Le coupable... c’est le savon !

Tuppence et Tommy Beresford, deux agents qui ont joué un rôle de premier plan durant la Première Guerre mondiale, reconvertis en détectives, sont en passe de reprendre du service, lors de la Seconde.1 A la demande des services secrets britanniques, ils vont devoir traquer un membre (ou plus ?) de la 5e colonne, dans la charmante station balnéaire de Leahampton. Tuppence, sous la couverture d’une tricoteuse acharnée, Mrs Blenkensop, s’installe dans la pension de famille, connue sous le nom désuet de villa « Sans-Souci ». Tommy, quant à lui, se transforme en un homme falot, passionné de golf, Mr Meadowes. A eux deux, et sans avoir l’air d’y toucher, Tuppence et Tommy vont réussir leur mission et participer, à leur niveau, à la sauvegarde de leur mère-patrie.

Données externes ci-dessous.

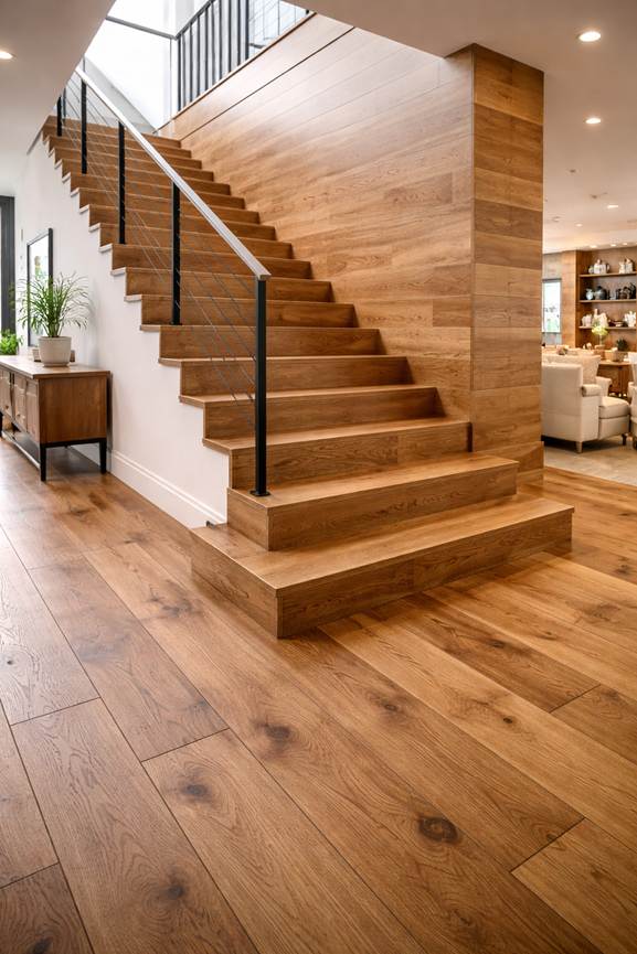 A key design trend for 2026 is Cohesive Wood Integration. Designers are moving away from contrasting trims and stairs. Instead, they are matching the flooring exactly with custom-milled stair treads, nosings, and even wall paneling. Because National Hardwood operates its own in-house mill, we are uniquely positioned to help clients achieve this perfectly synchronized look.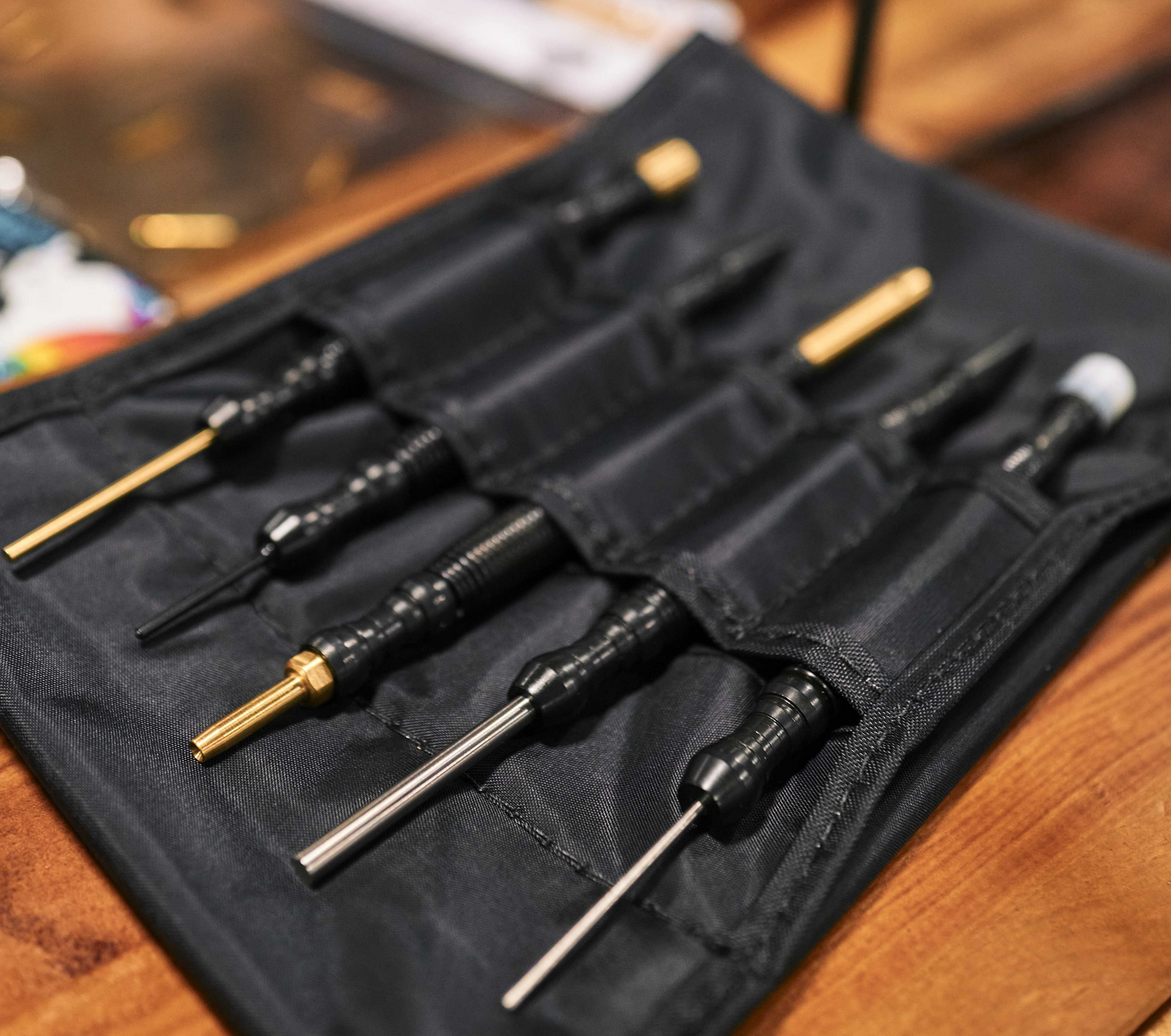 Roll out your gun cleaning mat, pull out the gun cleaning kits and get to work! While using the takedown tools you’ll reduce your gun cleaning time down by 90%! And you’ll also do a much better clean because you’ll have your upper and lower receiver apart, your Glock slide off etc. We highly recommend pairing this kit with our favorite gun cleaner. Check out our Gunsmithing set that comes with a free 8oz bottle of cleaner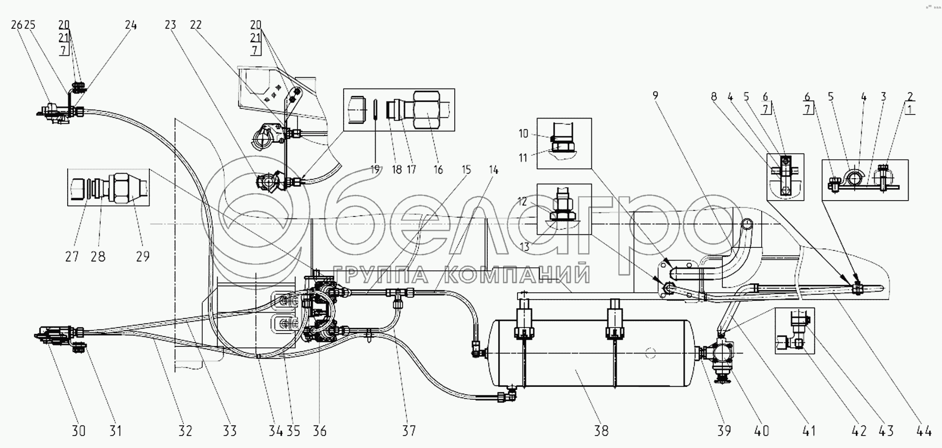 Каталог запасных частей к технике: МТЗ-1221.4. Трубопроводы и арматура пневмопривода тормозов прицепа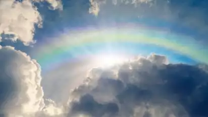Terkadang muncul sebuah pelangi yang sangat indah di langit.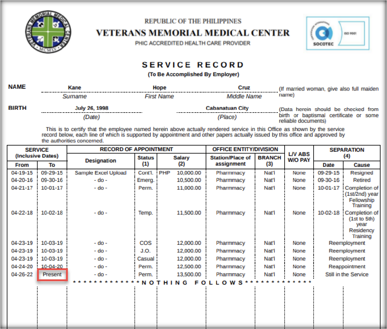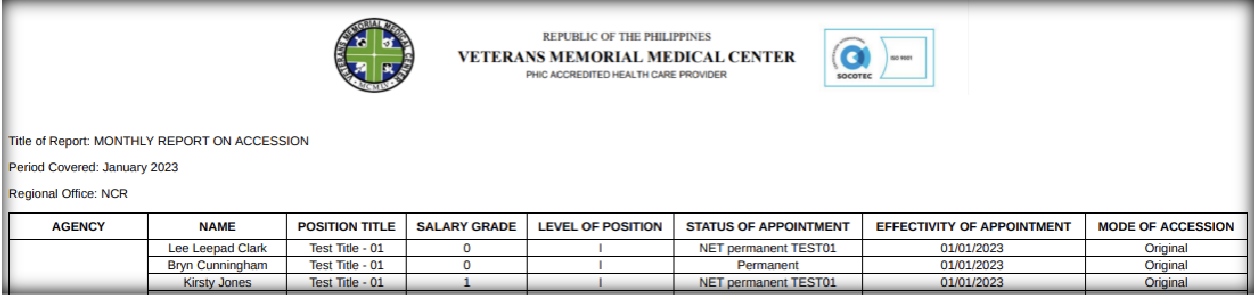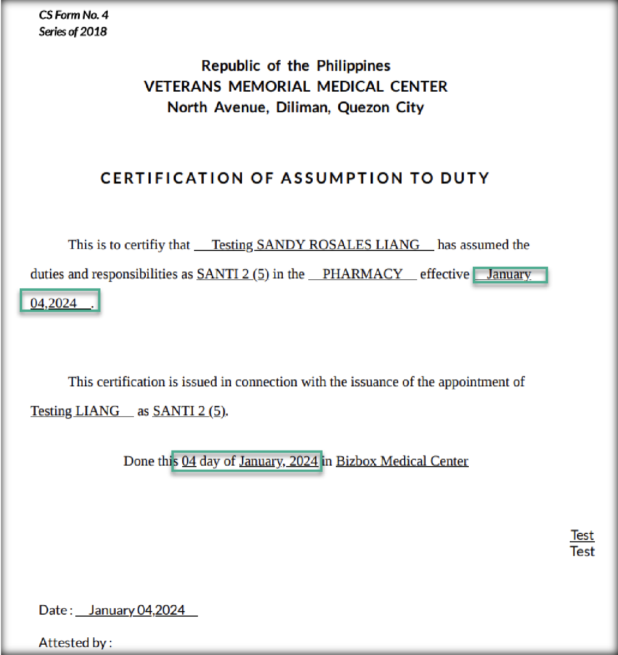 Employee Profile – Reports – Certificate of Assumption to Duty
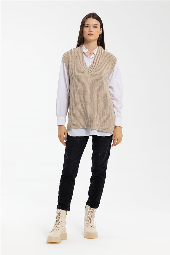 Avrile İçi Gömlekli Triko Süveter  BEJ  A91580-S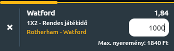 - Két csapat küzd azért, hogy véget vessen a rossz formának, ma a New York Stadionban csap össze, a Rotherham United a Watfordot fogadja. A házigazdák a Championship tabellájának végén tanyáznak, 14 pontra vannak a biztonságtól, láthatóan nem bírják felvenni a bajnokság ritmusát, a kiesés egyik biztos résztvevői. Míg a vendégek hét pontra vannak a rájátszást érő helyektől, de rossz formában vannak, az elmúlt öt meccsen nem tudtak nyerni és pontból is csak kettőt szereztek. A Watford kijelölt célja a rájátszás, de egyelőre úgy fest, nem elég jók hozzá. Ma kellene csavarni egyet a formán és a liga leggyengébb csapatát meg kell verni! Jó kis formába hozó meccs ez, nyernek a vendégek!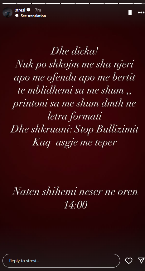 Edhe ne si popull kemi të drejt të flasim e të japim mendime, duhet ti themi stop, duhet të mblidhemi gjithmonë për këto tema, dhe nesër në orën 14:00 unë do jem në Top Channel, me shumë njerëz patjetër me gjithë shoqërinë time edhe të ju themi stop bullizimit, kjo çka ka ndodhë në këtë big brother edhe të merren masa jashtëzakonisht të rrepta.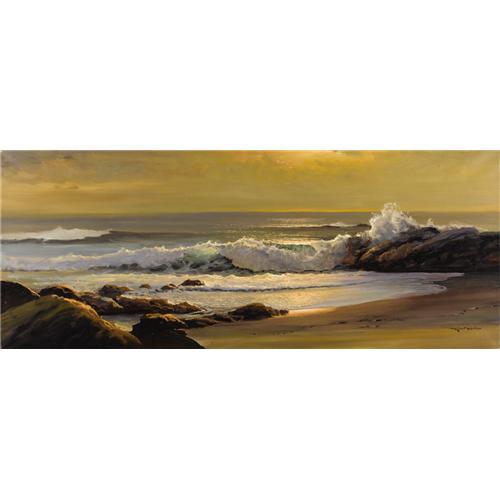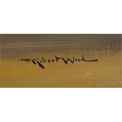 <B>ROBERT WOOD</B></I> (American 1889-1979)<BR><I>Laguna Beach</B></I><BR>Oil on canvas<BR>23-3/4 x 59 inches (60.3 x 149.9 cm)<BR>Signed lower right: <I>Robert Wood</B></I><BR>Stamped verso: <I>REPRODUCTION RIGHTS RESERVED BY THE ARTIST/Painted by Robert Wood</B></I><BR><BR> <B>Condition Report:</B> Minor abrasion and paint loss along painting edge<BR><BR><b>Shipping:</b> Requires 3rd Party Shipping (<a target="_blank" href="http://www.heritageauctions.com/common/shipping.php">view shipping information</a>)

Une pension de famille qui sent l’oignon et le chou

Mrs Perenna, la patronne de la pension de famille, est une « femme peu soignée, maquillée à la diable », qui possède, pourtant, deux atouts esthétiques de poids : une « opulente chevelure noire » et des « dents d’une blancheur éblouissante ». Sheila, sa fille, « très brune de peau », arbore des « formes agréables », qui ne laissent pas indifférent un certain pensionnaire. Mrs O’Rourke, une peu séduisante matrone, porte « sans honte barbe et moustaches », le major Bletchley, M. von Deinim (un jeune Allemand blond, aux yeux bleus), Miss Minton, Mrs Sprot et son petit diable de 3 ans, Betty, et M. et Mrs Cayley forment un petit groupe hétérogène de personnes qui se sont retrouvés là pour fuir les bombardements sur Londres. Le major passe ses journées à pester contre cette jeunesse toute molle qui a fait perdre la guerre. « Il leur faut des bains chauds, et c’est sur le coup de 10 heures qu’ils descendent prendre leur petit déjeuner, quand ce n’est pas plus tard. » M. Cayley, quant à lui, ne pense qu’à sa santé et à ses médicaments. « Ce n’est pas un homme c’est une pharmacie ambulante. » Il y a, de temps en temps, des échanges de mots aigres doux... Sheila, par exemple, s’emmanche après Tommy, trouvant qu’il est du genre à faire fortune « aux quatre coins de l’Empire » et à revenir au bercail, tout bronzé, vivre de ses rentes ! Tout ce petit monde vit paisiblement (ou à peu près) dans une délicieuse odeur de cuisine. « Oignons ou choux, la plupart des temps » ! Parfois, une petite note « d’assa foetida », histoire de changer de chambre, du fait de l’odeur pestilentielle qui y règne.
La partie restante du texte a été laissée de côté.